THE TASK
Leaving out the pictures, output each record exactly as it stands.
┄┄┄┄┄┄┄┄┄┄
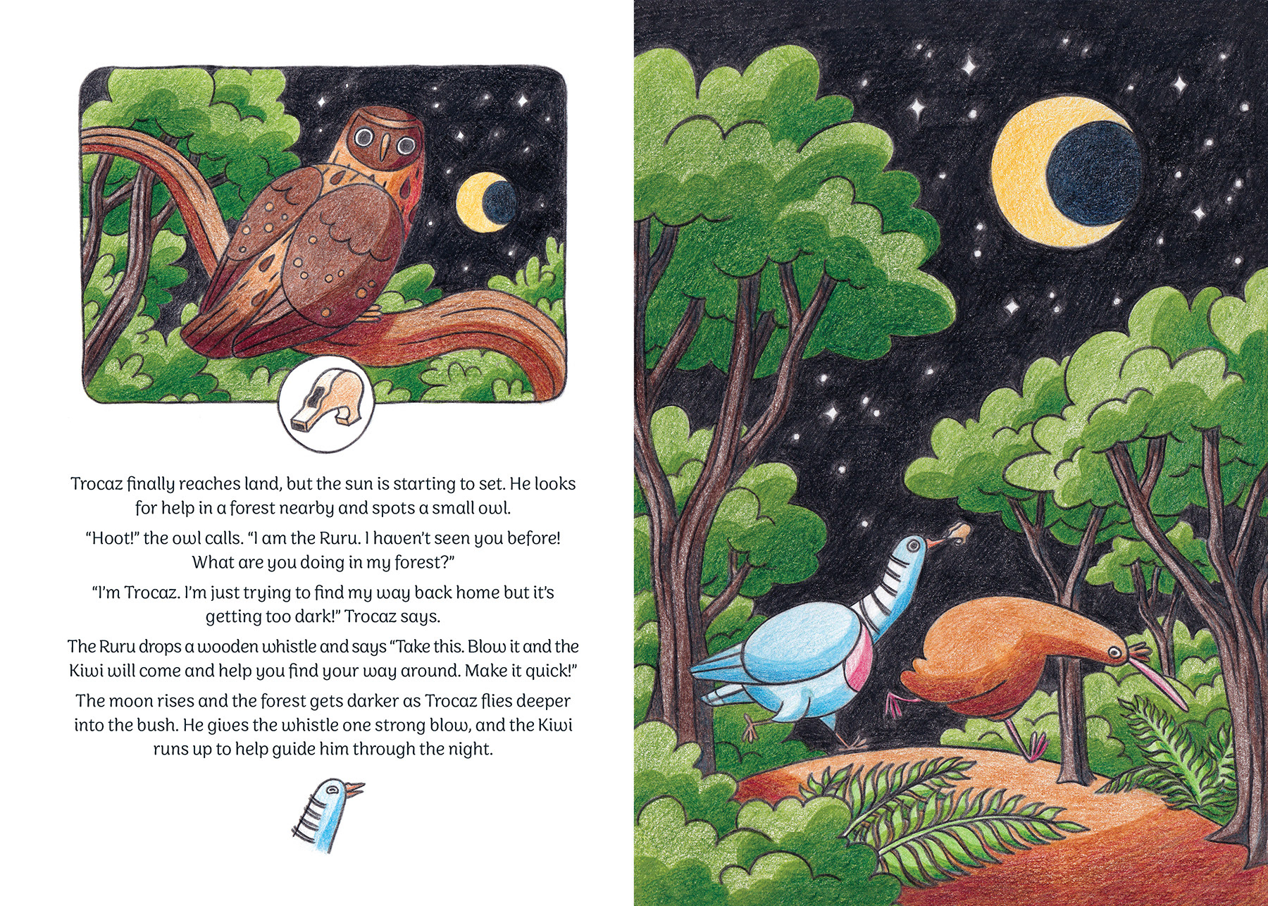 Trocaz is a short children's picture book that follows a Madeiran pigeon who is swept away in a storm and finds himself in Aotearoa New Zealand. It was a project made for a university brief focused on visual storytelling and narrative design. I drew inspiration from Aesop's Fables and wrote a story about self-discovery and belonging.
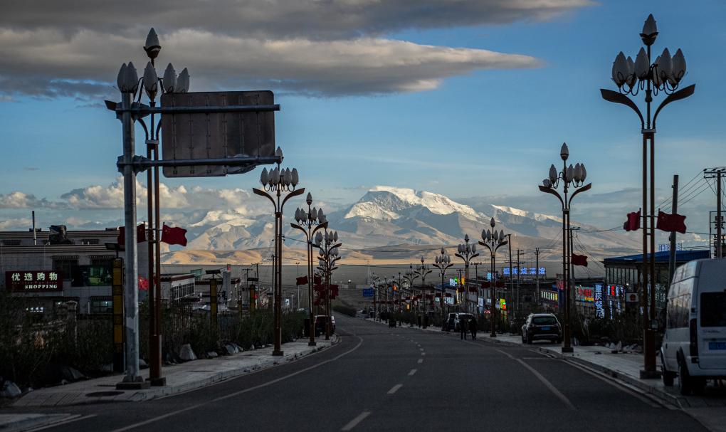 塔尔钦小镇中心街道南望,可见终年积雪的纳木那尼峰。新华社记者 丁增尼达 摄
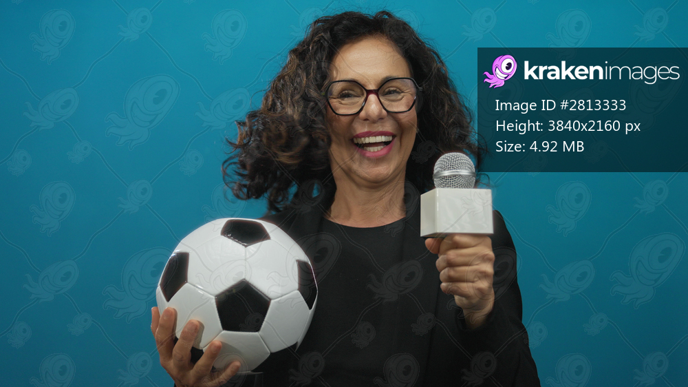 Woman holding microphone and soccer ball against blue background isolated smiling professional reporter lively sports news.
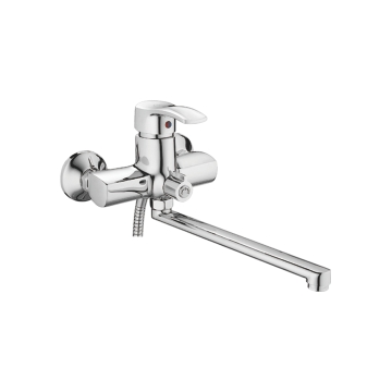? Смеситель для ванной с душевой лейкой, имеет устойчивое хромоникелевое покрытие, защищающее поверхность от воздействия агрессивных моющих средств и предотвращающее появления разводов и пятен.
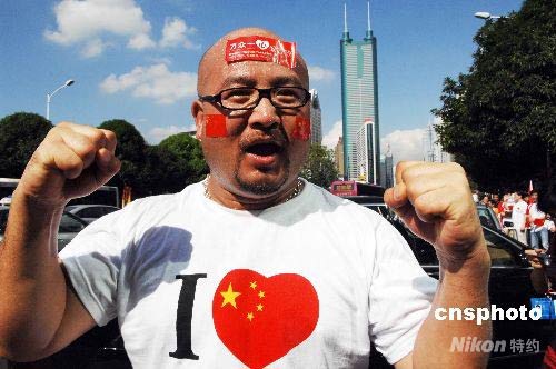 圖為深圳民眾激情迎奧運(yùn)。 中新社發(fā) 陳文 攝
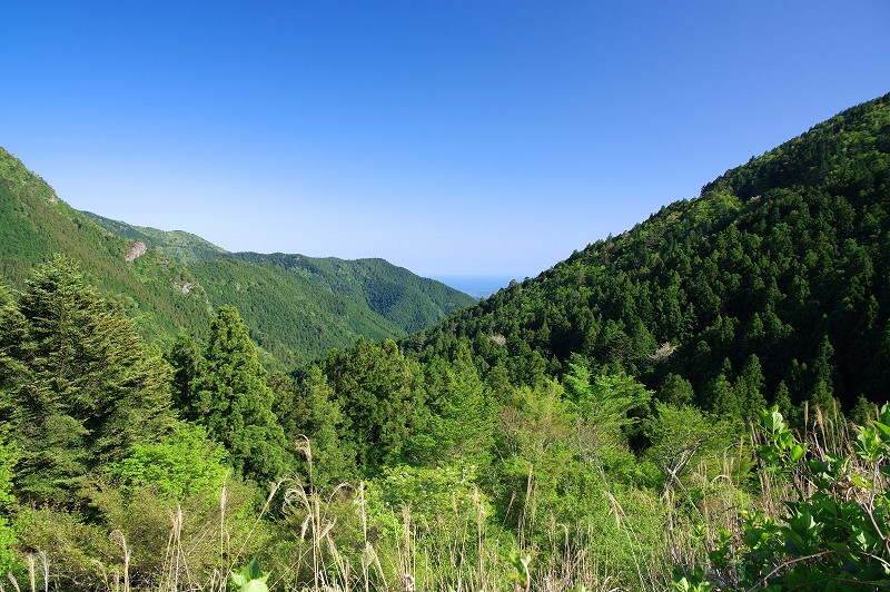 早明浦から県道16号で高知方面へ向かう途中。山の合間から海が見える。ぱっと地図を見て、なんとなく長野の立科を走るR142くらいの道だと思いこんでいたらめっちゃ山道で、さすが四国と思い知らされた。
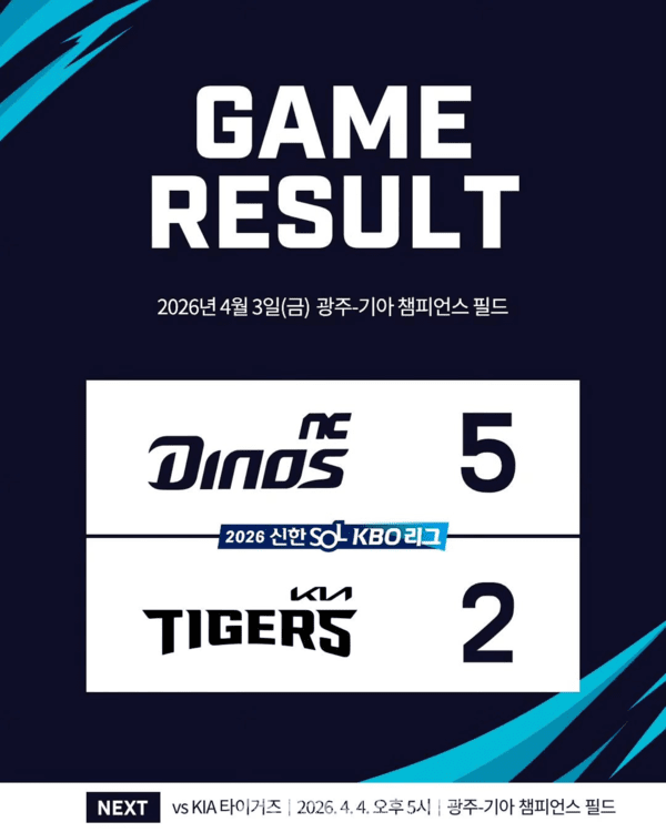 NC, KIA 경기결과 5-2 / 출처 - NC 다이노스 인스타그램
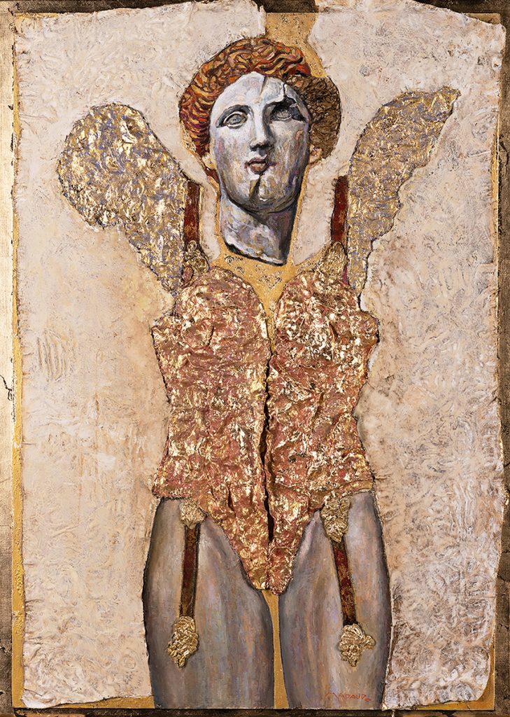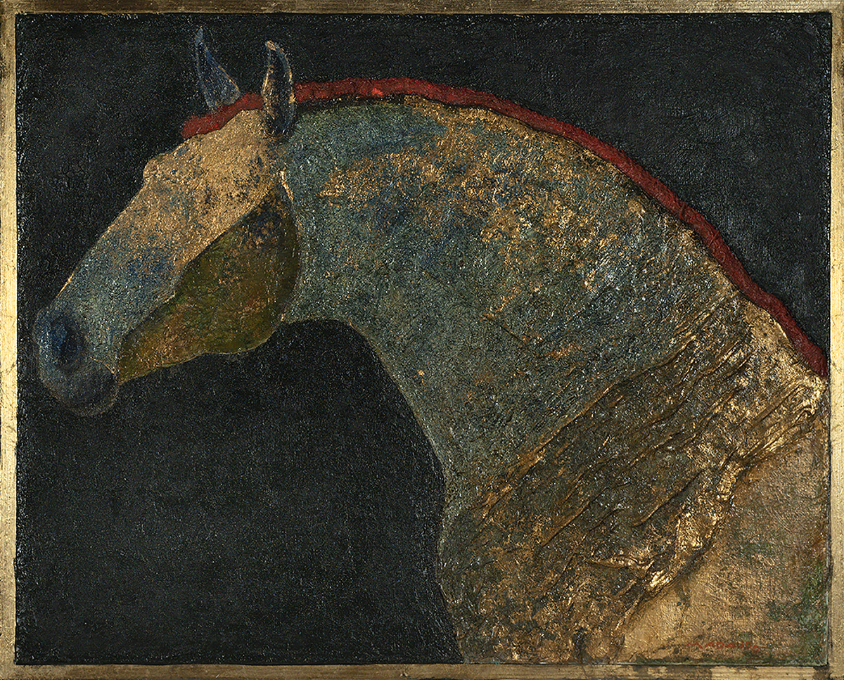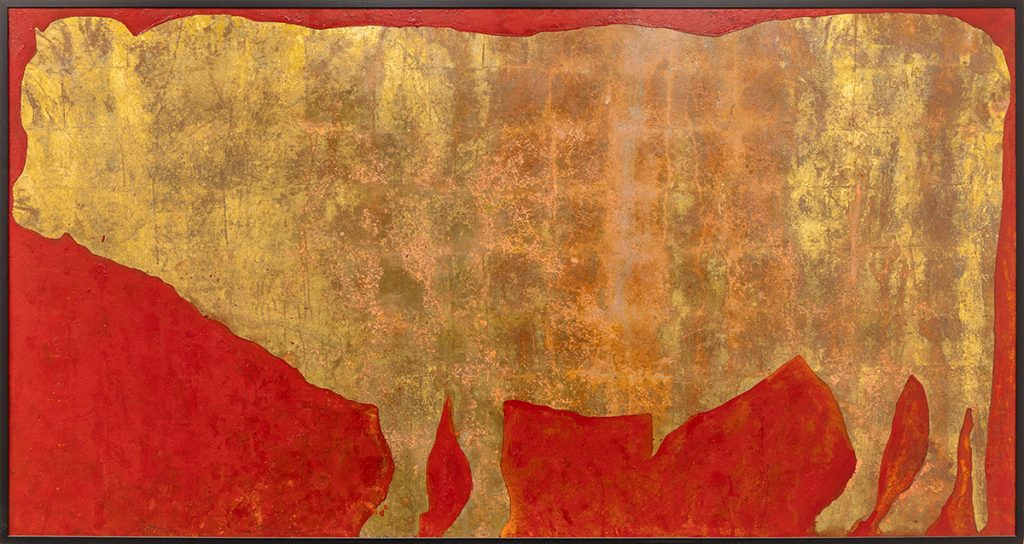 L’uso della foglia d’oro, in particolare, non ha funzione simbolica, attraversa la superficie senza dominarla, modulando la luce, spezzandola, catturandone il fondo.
┄┄┄┄┄┄┄┄┄┄
COMPLETED TASK
 Trocaz is a short children's picture book that follows a Madeiran pigeon who is swept away in a storm and finds himself in Aotearoa New Zealand. It was a project made for a university brief focused on visual storytelling and narrative design. I drew inspiration from Aesop's Fables and wrote a story about self-discovery and belonging.
 塔尔钦小镇中心街道南望,可见终年积雪的纳木那尼峰。新华社记者 丁增尼达 摄
 Woman holding microphone and soccer ball against blue background isolated smiling professional reporter lively sports news.
? Смеситель для ванной с душевой лейкой, имеет устойчивое хромоникелевое покрытие, защищающее поверхность от воздействия агрессивных моющих средств и предотвращающее появления разводов и пятен.
 圖為深圳民眾激情迎奧運(yùn)。 中新社發(fā) 陳文 攝
 早明浦から県道16号で高知方面へ向かう途中。山の合間から海が見える。ぱっと地図を見て、なんとなく長野の立科を走るR142くらいの道だと思いこんでいたらめっちゃ山道で、さすが四国と思い知らされた。
 NC, KIA 경기결과 5-2 / 출처 - NC 다이노스 인스타그램
 L’uso della foglia d’oro, in particolare, non ha funzione simbolica, attraversa la superficie senza dominarla, modulando la luce, spezzandola, catturandone il fondo.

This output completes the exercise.